Researchers move closer to breaking herbicide resistance in black-grass

By Michael Keaveny

Scientists have adapted genetic techniques developed for crop improvement to be used in weeds - allowing them, for the first time, to directly study the genetics responsible for herbicide resistance.

The scientists from Rothamsted Research in Britain reported they have used plant viruses to switch weed genes off or, alternatively, ramp up the production of specific proteins by weeds in the laboratory. This means that these researchers can now directly show that a specific gene is required for herbicide resistance, or else is sufficient to confer it. Lead researcher Dr Dana MacGregor said the research was a 'game-changer' for weed genetics.

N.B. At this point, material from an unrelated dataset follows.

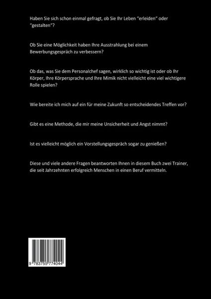 Haben Sie sich schon einmal gefragt, warum Sie immer wieder eingeladen werden, aber bis jetzt immer noch ohne Job sind?Ja? Dann sollten Sie unbedingt die Tipps unserer beiden bekannten Bewerbungscoaches Tanja Winterhalter und Arno Meier lesen!Ruhig, sachlich und humorvoll werden Sie durch dieses Buch an die "Geheimnisse" eines guten Vorstellungsgespräches herangeführt. 30 Jahre haben die Beiden entsprechende Erfahrungen gesammelt, Kurse gegeben und dabei hunderte von Teilnehmern in Arbeit gebracht.Profitieren auch Sie von diesem reichhaltigen Erfahrungsschatz und lassen Sie Ihr nächstes Bewerbungsgespräch endlich einmal "erfolgreich" sein!

The study focused on black-grass, a major weed of cereals, and a previous joint study involving the same team showed that herbicide-resistant black-grass could cost £1bn every year in the UK alone.

Dr MacGregor said: "Weeds are arguably one of the most economically important groups of plant species. They have major agronomic and environmental impacts and affect food security.

"To be able to design and deploy weed management strategies that are both effective and sustainable, we must first understand what genes allow black-grass to avoid the current control practices.

"These virus-mediated techniques allow us to bring black-grass into the lab and ask questions about how specific genes work as we have never been able to before."

Two methods were developed for studying crop plants, with both taking advantage of the pathways plants and their viruses use to fight one another. These are called virus-induced gene silencing (Vigs) and virus-mediated over-expression (Vox). The team first inserted their gene of interest into a virus and then infected the weed with it.

During Vigs, the plant tries to defend itself and, in the process, shuts down production of all genes coming from the virus - including the weed's own copies of the inserted gene - whereas, during Vox, both the virus's and the inserted gene's copies manufacture proteins for the plant.

Having shown that the techniques worked using the appropriate controls, including inducing loss of green colour and making the plants fluoresce, they then turned their attention to genes implicated in herbicide resistance. This time, they used gene silencing to turn off a gene previously thought to confer herbicide resistance. This made previously resistance plants susceptible, thereby proving the involvement of the gene.

They also managed to make previously susceptible weeds resistant to the weed killer glufosinate by introducing a gene for an enzyme that renders the chemical inactive.

According to Dr MacGregor, although these techniques can be further improved, the Vigs and Vox techniques they have established offer a step-change in the type of questions that can now be asked in weed biology.